* GIVEN INFORMATION

━━━━━━━━━━━━━━━━

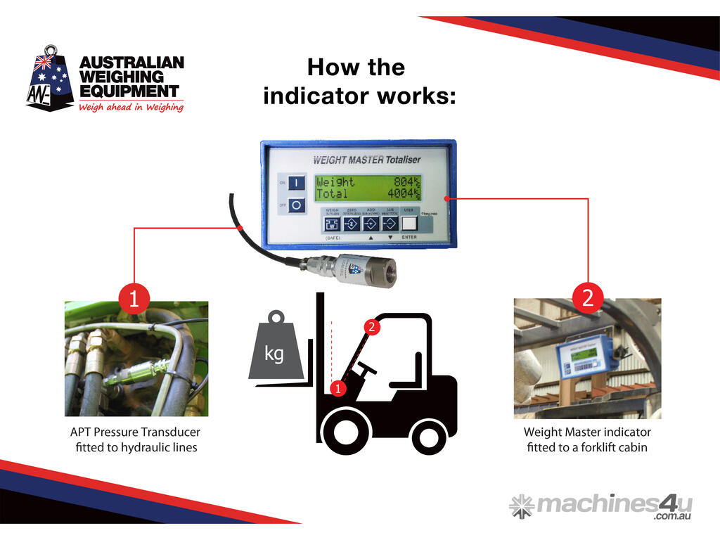 The ‘Weight Master’ instrument produces a weight reading via a pressure transducer that is fitted to the hydraulic lines of the fork truck. The pressure transducer has a sensing element which responds to force applied by the hydraulic fluid in the fork truck hydraulic lines when a load is lifted. The ‘Weight Master Totaliser’ instrument is mounted in the cabin where the
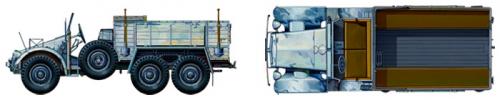 第二次大戦前半、兵員や物資の輸送、軽砲の牽引など幅広い用途に使われたドイツ軍の6輪トラックがクルッププロッツェです。コンパクトな空冷水平対向4気筒エンジンを搭載して、低く視界の良いボンネットを実現。後輪はダブルウィッシュボーンの独立サスペンションを備え、優れた走破性を発揮しました。中でも兵員輸送車タイプのKfz.70は車体後部にベンチシート付きの荷台を装備。大戦勃発前の1933年頃から 1942年まで生産され、各部隊に配備されました。
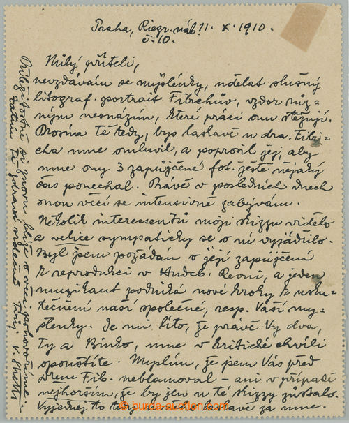 Autographs. PREISSIG Vojtech (1873-1944), important Czech graphic artist, typograf, painter, illustrator, participant protirakouskeho also protinacistickeho resistance, autograph on letter on heading paper sent from New York; on
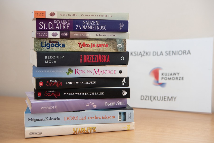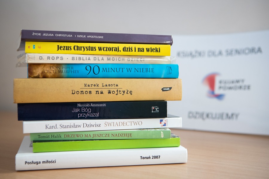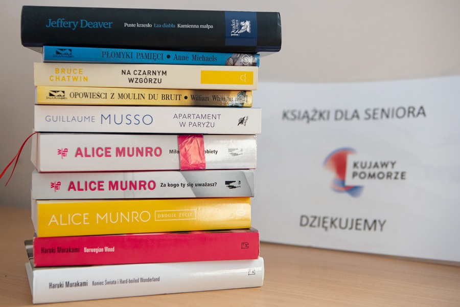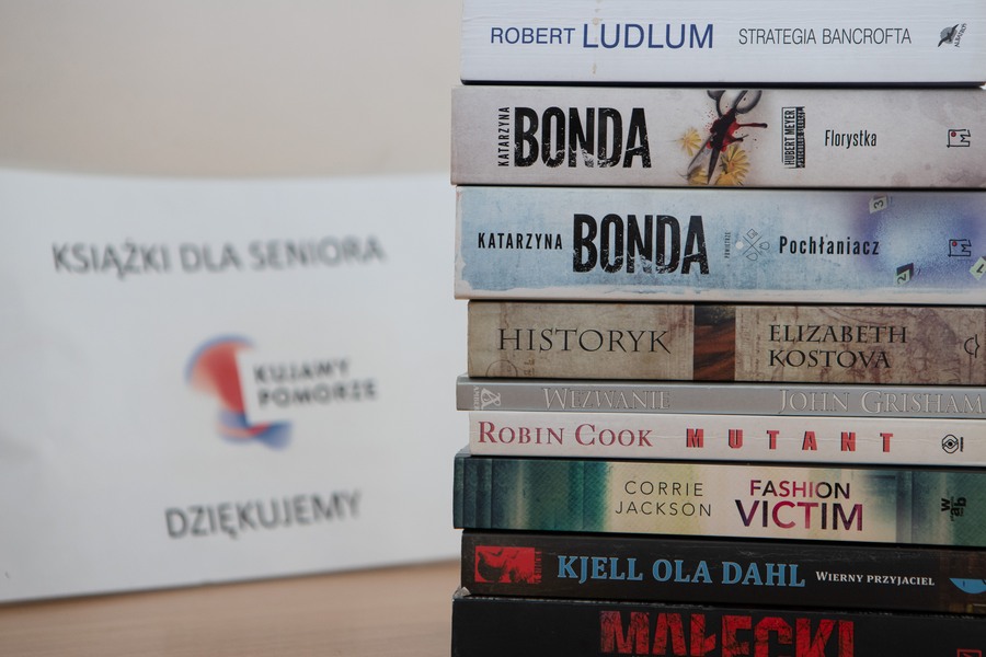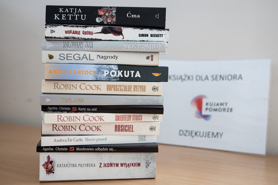 Zebraliśmy już kilka kartonów publikacji, które mogą zaspokoić różne zainteresowania i gusty literackie. Pierwsza partia trafiła do osiemdziesięciorga starszych osób, podopiecznych powstałych ze wsparciem z naszego Regionalnego Programu Operacyjnego dziennych domów opieki w Górznie (powiat brodnicki) i Przysieku (powiat toruński). Obecnie przygotowujemy książki, które trafią do domów kombatantów w regionie.

━━━━━━━━━━━━━━━━

Once the pictures are set aside, give the rest of the listing again exactly.

 The ‘Weight Master’ instrument produces a weight reading via a pressure transducer that is fitted to the hydraulic lines of the fork truck. The pressure transducer has a sensing element which responds to force applied by the hydraulic fluid in the fork truck hydraulic lines when a load is lifted. The ‘Weight Master Totaliser’ instrument is mounted in the cabin where the
 第二次大戦前半、兵員や物資の輸送、軽砲の牽引など幅広い用途に使われたドイツ軍の6輪トラックがクルッププロッツェです。コンパクトな空冷水平対向4気筒エンジンを搭載して、低く視界の良いボンネットを実現。後輪はダブルウィッシュボーンの独立サスペンションを備え、優れた走破性を発揮しました。中でも兵員輸送車タイプのKfz.70は車体後部にベンチシート付きの荷台を装備。大戦勃発前の1933年頃から 1942年まで生産され、各部隊に配備されました。
 Autographs. PREISSIG Vojtech (1873-1944), important Czech graphic artist, typograf, painter, illustrator, participant protirakouskeho also protinacistickeho resistance, autograph on letter on heading paper sent from New York; on
 Zebraliśmy już kilka kartonów publikacji, które mogą zaspokoić różne zainteresowania i gusty literackie. Pierwsza partia trafiła do osiemdziesięciorga starszych osób, podopiecznych powstałych ze wsparciem z naszego Regionalnego Programu Operacyjnego dziennych domów opieki w Górznie (powiat brodnicki) i Przysieku (powiat toruński). Obecnie przygotowujemy książki, które trafią do domów kombatantów w regionie.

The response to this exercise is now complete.